Record set:
===============

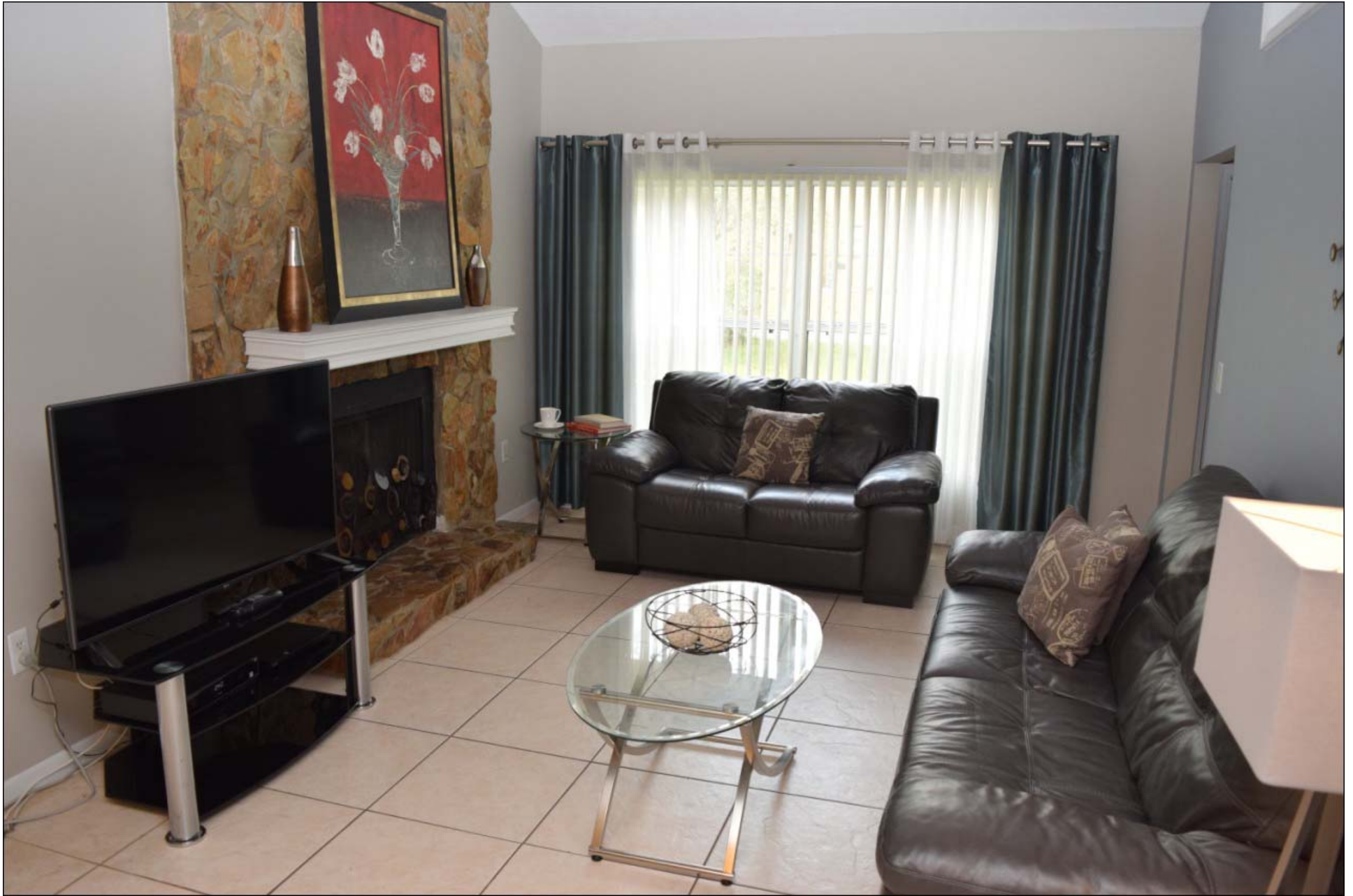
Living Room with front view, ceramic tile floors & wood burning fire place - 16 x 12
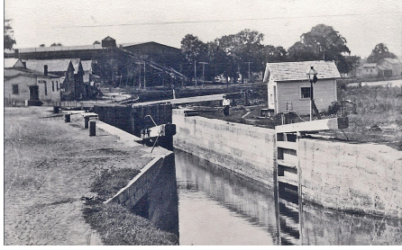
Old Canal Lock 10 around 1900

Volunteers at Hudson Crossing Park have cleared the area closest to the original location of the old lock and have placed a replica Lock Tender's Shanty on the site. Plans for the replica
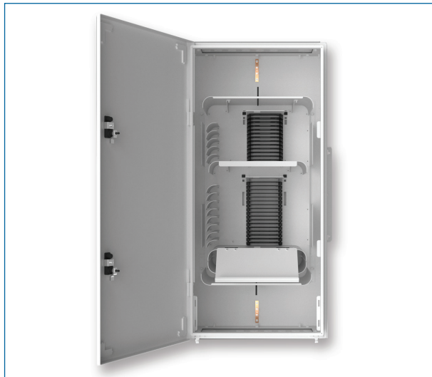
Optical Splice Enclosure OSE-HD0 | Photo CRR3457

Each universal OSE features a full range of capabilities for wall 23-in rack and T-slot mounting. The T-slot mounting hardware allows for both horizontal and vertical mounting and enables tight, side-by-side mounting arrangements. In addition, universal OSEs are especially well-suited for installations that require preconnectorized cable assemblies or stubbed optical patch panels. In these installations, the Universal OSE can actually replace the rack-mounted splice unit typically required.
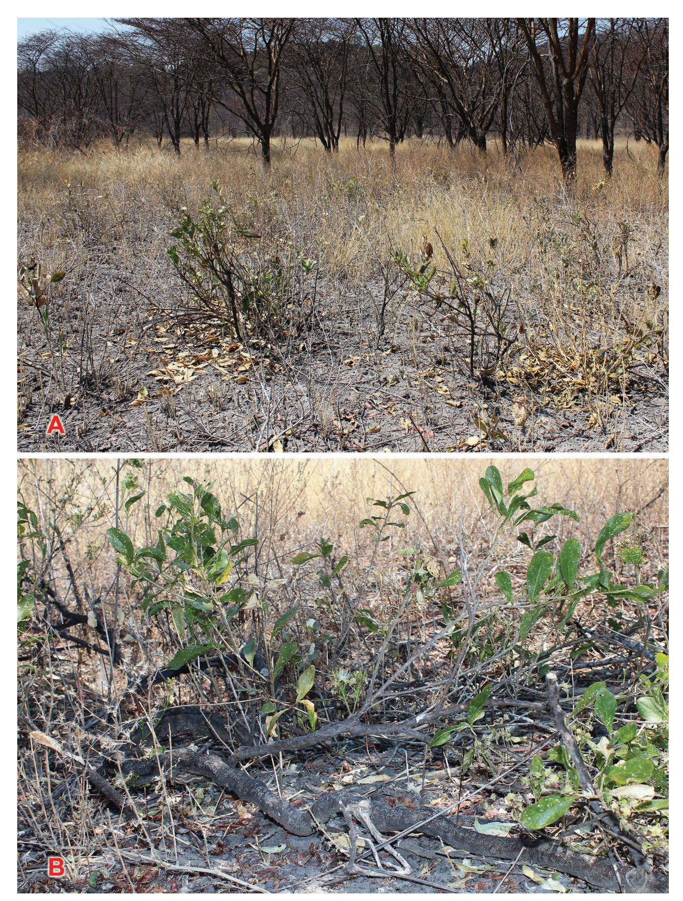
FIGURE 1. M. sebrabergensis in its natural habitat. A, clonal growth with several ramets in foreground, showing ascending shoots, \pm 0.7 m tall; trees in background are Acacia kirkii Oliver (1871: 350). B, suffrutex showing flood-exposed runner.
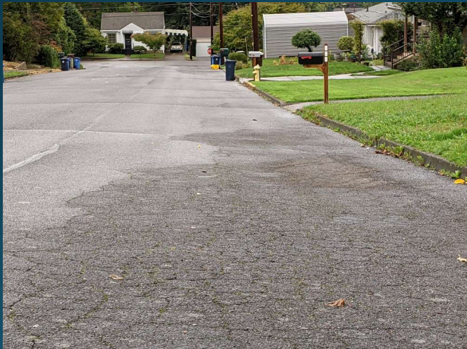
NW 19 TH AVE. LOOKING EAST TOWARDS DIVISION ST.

===============

Goal of the exercise:
Up to and including the line with "Each universal OSE", repeat every line from the top of the entries exactly, but not the pictures.

Output of the exercise:
Living Room with front view, ceramic tile floors & wood burning fire place - 16 x 12
Old Canal Lock 10 around 1900

Volunteers at Hudson Crossing Park have cleared the area closest to the original location of the old lock and have placed a replica Lock Tender's Shanty on the site. Plans for the replica
Optical Splice Enclosure OSE-HD0 | Photo CRR3457

Each universal OSE features a full range of capabilities for wall 23-in rack and T-slot mounting. The T-slot mounting hardware allows for both horizontal and vertical mounting and enables tight, side-by-side mounting arrangements. In addition, universal OSEs are especially well-suited for installations that require preconnectorized cable assemblies or stubbed optical patch panels. In these installations, the Universal OSE can actually replace the rack-mounted splice unit typically required.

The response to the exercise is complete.